Now, if the European Commission has its way, not only will it be returning to the European market in some style, but with the advantage of a new tariff-free access quota. This is central to the Mercosur trade deal now moving into the final stages of negotiation with a number of South American countries, and those countries include the agricultural superpowers of Brazil, Argentina and Uruguay. All three are big players in the global beef industry, and all three are well placed to take advantage of better access to Europe.

The prospects of a Mercosur deal has been around for some time, but it is now moving from the theoretical to reality. Both sides in the negotiations are about to exchange offers. If rumours are right central to the EU offer is tariff-free access for 78,000 tonnes of beef, with reduced tariffs for other beef. There will also be better access for products like pork and poultry, and these countries have the advantage of cheap grain, cheap labour and lower environmental and social welfare standards than exist in Europe. This will be another example where the EU imposes standards on its own farmers, but not on third countries – a failure to apply what is known as equivalence to imports.

The dangers this poses for the European beef industry have long been recognised. But the Commission – as with all trade deals – is prepared to see losses for parts of European agriculture as a price worth paying for the price of better access to South American markets for the rest of the eurozone economy. It is pressing ahead with this deal, despite signs that the South Americans are giving less than expected in terms of access, and the fact that with the global economy faltering countries like Brazil are not the powerhouse economies they were when these negotiations began.

In the scale of things 78,000 tonnes of beef may not sound a lot. But like New Zealand, with its lamb quota, it is a safe bet the South Americans would maximise the export of high value cuts. There are question marks over parts of their beef industries, but they can produce high quality, grass fed beef from traditional British breeds to target the top end of the European market. That can only be at a cost to those already in that lucrative sector of the market. Apart from getting some high value food and drink products into South America, it is hard to see this deal as anything but a lose, lose for European agriculture.
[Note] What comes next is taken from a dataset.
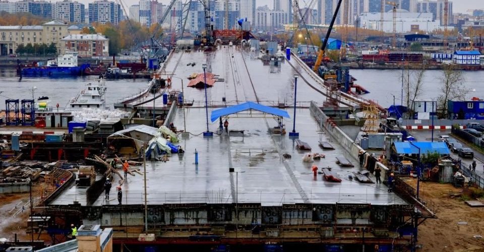 Губернатор сообщил, что сейчас идёт подготовка к важному этапу – установке разводного пролёта, состоящего из двух «крыльев» весом 400 тонн каждое. Они уже собраны на стапеле на левом берегу Невы, готова вся необходимая техника. На опорах смонтированы гидроцилиндры – их изготовил Обуховский завод.

Led by France and Ireland this week’s farm council saw growing support from member states for the Commission to recognise the need to protect ‘sensitive’ agricultural products. This was supported, with varying degrees of enthusiasm, by 20 out of 28 member states. A significant number, including the UK and Germany, adopted a neutral stance. Predictably support for the deal came from countries like Spain and Portugal that have long-standing trading relationships with South America. This is the sort of pressure needed to put a shot across the bows of a European Commission with a track record of being over-influenced in trade deals by industrial prospects that fail to materialise.

This potential deal needs to be delayed at least until the autumn. A report is due in September for the farm Commissioner, Phil Hogan, on the potential impact on agriculture of all the trade deals in the offing, including Mercosur and TTIP with the United States. Farmers and farm ministers need to be able to study this in detail before signing on any dotted line. It is a reasonable bet that this report will confirm the price agriculture will pay.

The Commission then would have two options. These are to back away from the deal or demand less access to Europe on a tariff-free basis for agricultural products. That seems unlikely, since the countries involved want to sell food to a European market of 500 million people. The alternative would be protection in the form of compensation to European beef producers. This has already been hinted at but would be far from satisfactory and would leave beef farmers open to accusations that they rely on taxpayer support. On top of that, any support would be short term and uncertain, while the problem of South American access to Europe is long term and very certain.